* **EXERCISE DIRECTIONS**:
Copy exactly the lines of the data below, beginning with the line with "中年妈妈春装大码针织衫上衣50岁妈妈秋装新款洋气遮..." and ending with the line with "The Diablo is". Pictures are to be omitted.

* **ENTRIES PROVIDED**:
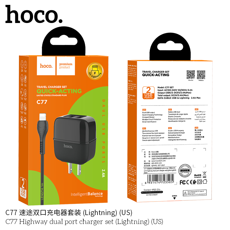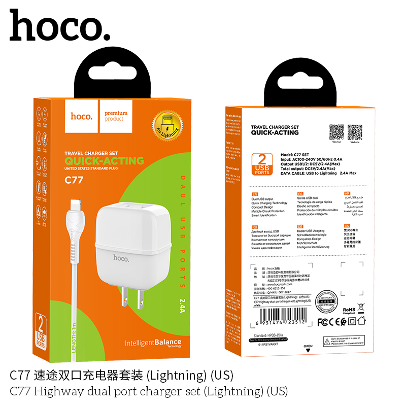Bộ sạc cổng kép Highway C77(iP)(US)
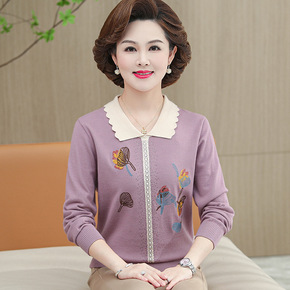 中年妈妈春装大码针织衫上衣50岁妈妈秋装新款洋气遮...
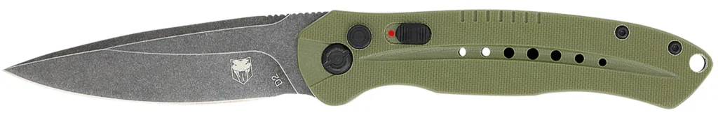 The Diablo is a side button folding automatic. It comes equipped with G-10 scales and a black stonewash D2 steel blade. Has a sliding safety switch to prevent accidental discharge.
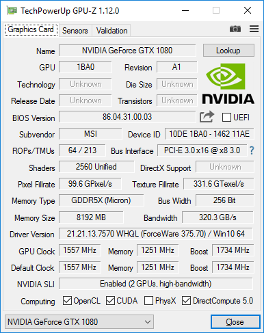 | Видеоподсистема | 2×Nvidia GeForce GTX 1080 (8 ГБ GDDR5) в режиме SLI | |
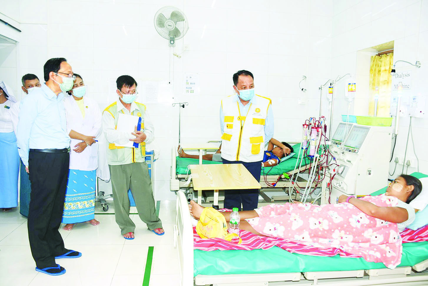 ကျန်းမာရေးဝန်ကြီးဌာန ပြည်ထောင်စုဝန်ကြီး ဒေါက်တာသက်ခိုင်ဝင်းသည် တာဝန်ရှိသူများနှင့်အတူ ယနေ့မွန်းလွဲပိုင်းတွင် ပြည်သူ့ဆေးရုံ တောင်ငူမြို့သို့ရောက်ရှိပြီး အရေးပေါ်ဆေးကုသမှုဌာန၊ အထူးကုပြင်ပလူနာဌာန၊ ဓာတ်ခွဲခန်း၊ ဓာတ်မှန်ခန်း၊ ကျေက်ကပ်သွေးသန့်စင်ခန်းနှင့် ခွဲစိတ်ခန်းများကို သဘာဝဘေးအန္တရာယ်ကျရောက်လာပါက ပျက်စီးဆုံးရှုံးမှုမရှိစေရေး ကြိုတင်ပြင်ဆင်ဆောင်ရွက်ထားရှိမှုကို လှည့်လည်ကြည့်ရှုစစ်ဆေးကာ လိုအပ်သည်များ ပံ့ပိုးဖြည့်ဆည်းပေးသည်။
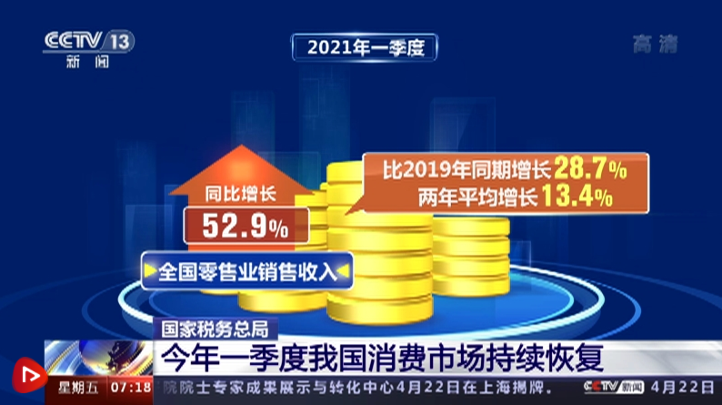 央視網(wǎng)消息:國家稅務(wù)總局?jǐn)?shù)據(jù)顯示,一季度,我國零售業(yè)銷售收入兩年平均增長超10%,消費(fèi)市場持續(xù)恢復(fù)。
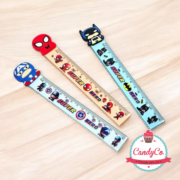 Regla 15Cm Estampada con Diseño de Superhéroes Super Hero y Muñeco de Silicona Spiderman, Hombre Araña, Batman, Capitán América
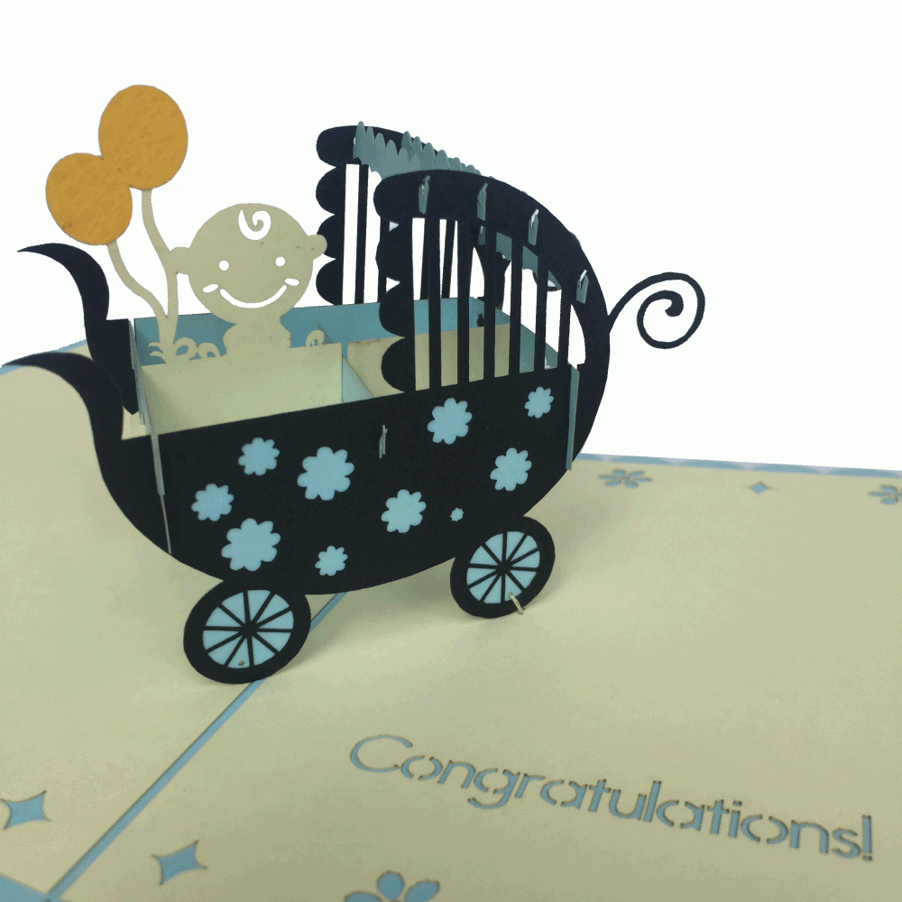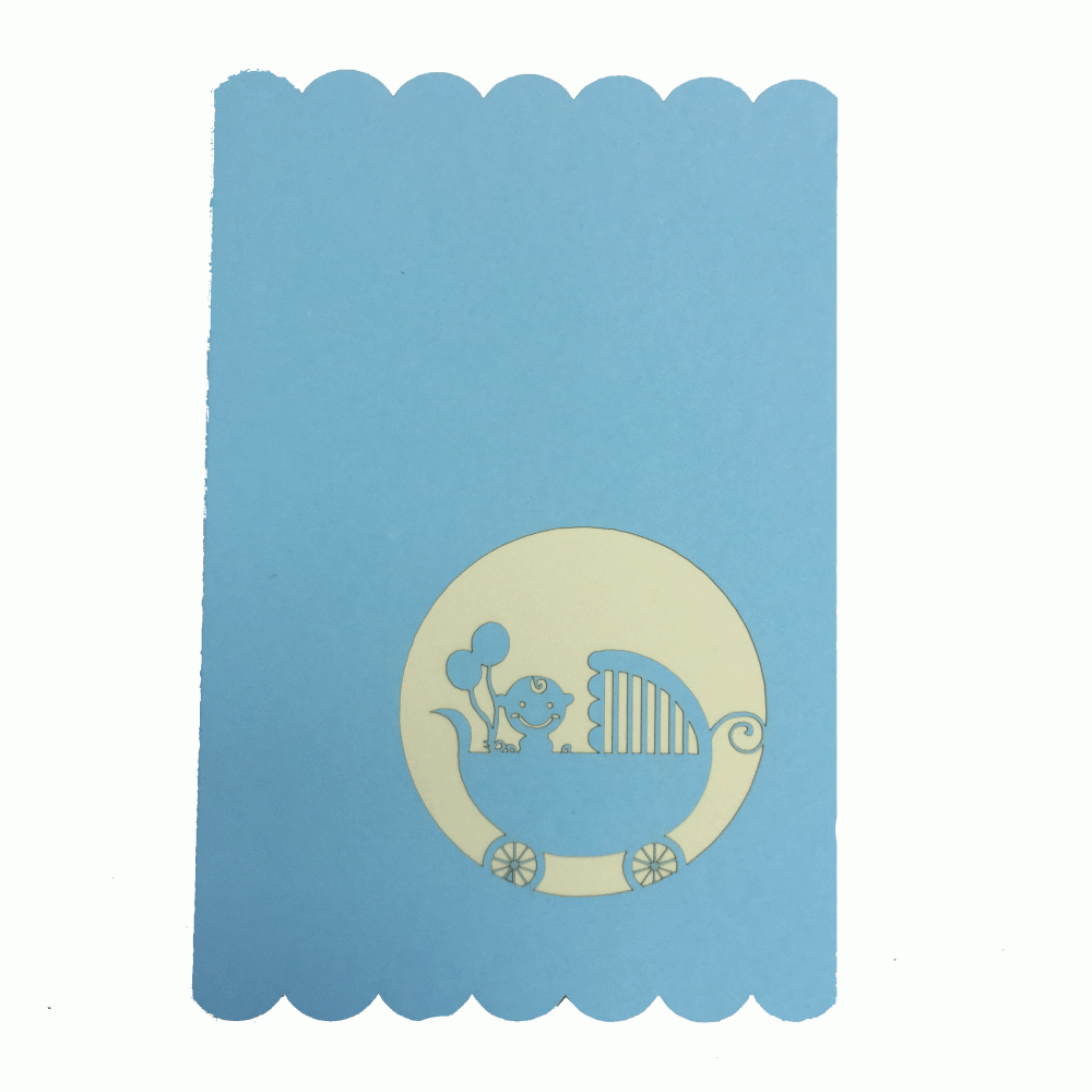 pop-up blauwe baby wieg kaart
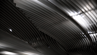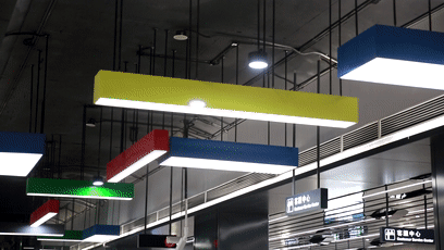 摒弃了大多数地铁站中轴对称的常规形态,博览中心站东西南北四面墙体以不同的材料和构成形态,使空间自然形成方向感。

* **SOLUTION**:
 中年妈妈春装大码针织衫上衣50岁妈妈秋装新款洋气遮...
 The Diablo is a side button folding automatic. It comes equipped with G-10 scales and a black stonewash D2 steel blade. Has a sliding safety switch to prevent accidental discharge.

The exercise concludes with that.